Business groups argued the new rules will be particularly onerous for small businesses including restaurants and retailers.

“Treating vaccinated and unvaccinated people similarly really denies the scientific value of the vaccine and disincentivizes vaccination,” said Rob Moutrie, a policy advocate for the California Chamber of Commerce.

But groups representing California workers supported the changes. Mitch Steiger, a legislative advocate for the California Labor Federation, said regulators last summer were foolish to loosen COVID-19 workplace restrictions put in place earlier during the pandemic.

“It’s good that we’re realizing that vaccines aren’t the silver bullet to get us out of this,” Steiger said. “There’s never a good time to start disarming against COVID-19.”

The safety board’s adoption of the revised rules came a day after California reinstituted requiring vaccinated and unvaccinated people to wear masks indoors in a bid to slow the spread of the virus, including the omicron variant, as families and friends gather for the holidays and new coronavirus cases increase.

Safety board members recognized “the science that vaccinated people can transmit the virus, and early reports show that to be especially true with omicron,” said Saskia Kim, speaking for the California Nurses Association.

Other states besides California that have adopted emergency COVID-19 workplace safety measures include Michigan, Oregon and Virginia.

The Biden Administration has ordered all U.S. employers with more than 100 workers to be vaccinated, tested regularly or wear masks at work starting Jan. 4. But the order is stalled amid court challenges from Republican-led states and fears among employers that the rules could make the worker shortage worse.

The California Chamber of Commerce led a coalition of about 60 business groups arguing in a letter to the state safety board that vaccinations are still largely effective and usually prevent serious illness and death even if there are breakthrough infections.

The groups warned that the new rules to require testing of vaccinated workers with no symptoms could strain the availability of rapid tests and boost employers’ costs. The rules apply to almost every workplace in the state, including offices, factories and retail locations.

The stricter safeguards “will only worsen the present labor shortage affecting California workplaces,” Moutrie predicted. “Moreover, reinstituting social distancing on a per person basis is just not feasible in many work places” that would have to physically move workstations or equipment.

California has a huge entertainment business sector and Motion Picture Association of America vice president and senior counsel Melissa Patack told the board that the rules aren’t feasible for filming movies, television shows or commercials because “actors cannot wear masks while performing.”

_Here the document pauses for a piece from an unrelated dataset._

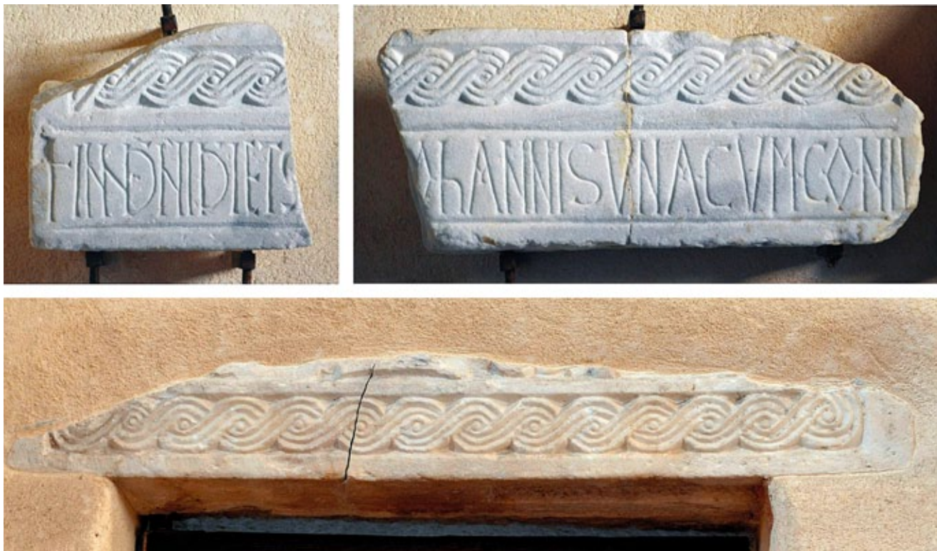
4. Ulomci arhitrava sa spomenom Ivana te spolirani nadvratnik iznad vrata sakristije, Kotor, Sv. Marija Collegiata

sigurnošću utvrditi, valja konstatirati da se ime, ovaj put navedeno u nominativu zajedno sa suprugom – dakle u svojstvu donatora oltarne ograde ili određenih radova na crkvi, ovdje javlja u punom obliku, i to kao Iohannis umjesto Iohannes , što svjedoči o određenom stupnju vulgarnog latiniteta prisutnog u Dalmaciji još od kasne antike. 19 Isti oblik imena javlja se i na sarkofagu Ivana Ravenjanina, pripisanom upravo onom splitskom biskupu koji je sa svojim kotorskim imenjacom 787. boravio u Niceji. 20 Sva navedena zapažanja upućuju na zaključak

She added that workers doing hair and makeup for actors cannot stay six feet (1.8 meters) apart, so the new rules “could result in the shutdown of many productions.”

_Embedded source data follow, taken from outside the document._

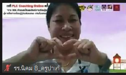
รร.นิคม 8_ครูปาเก๋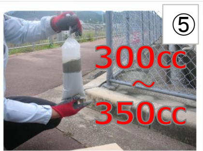
⑤ 計量した水を入れたらすぐに③の作業をします。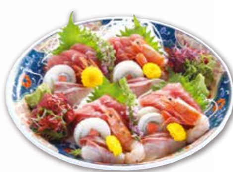
刺身盛合せ 5,500円 税込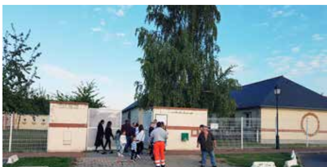
3 septembre 2018 : rentrée des classes à l'école maternelle du Petit Bouton Nacré

While California’s labor groups generally backed the workplace changes involving vaccinated and unvaccinated workers, they are upset that other proposed rules to be considered in March would eliminate mandatory employer-paid sick leave for workers who get infected with the virus or are exposed to it.

That temporary rule is aimed at allowing lower-wage workers without sick time to take time off rather than spreading the virus at work because they couldn’t afford to stay home.

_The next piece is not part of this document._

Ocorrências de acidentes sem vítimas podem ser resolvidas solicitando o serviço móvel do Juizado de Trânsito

Doing away with it would mean that “workers will be forced to make the impossible decision of going to work while sick or staying home without pay,” Stephen Knight, executive director of the labor advocacy group WorkSafe said in an online petition to the Cal/OSHA Standards Board.

Labor advocates could also work through the state budget process, Legislature and governor to keep the program, but prefer to retain the existing requirement, Knight and Steiger said.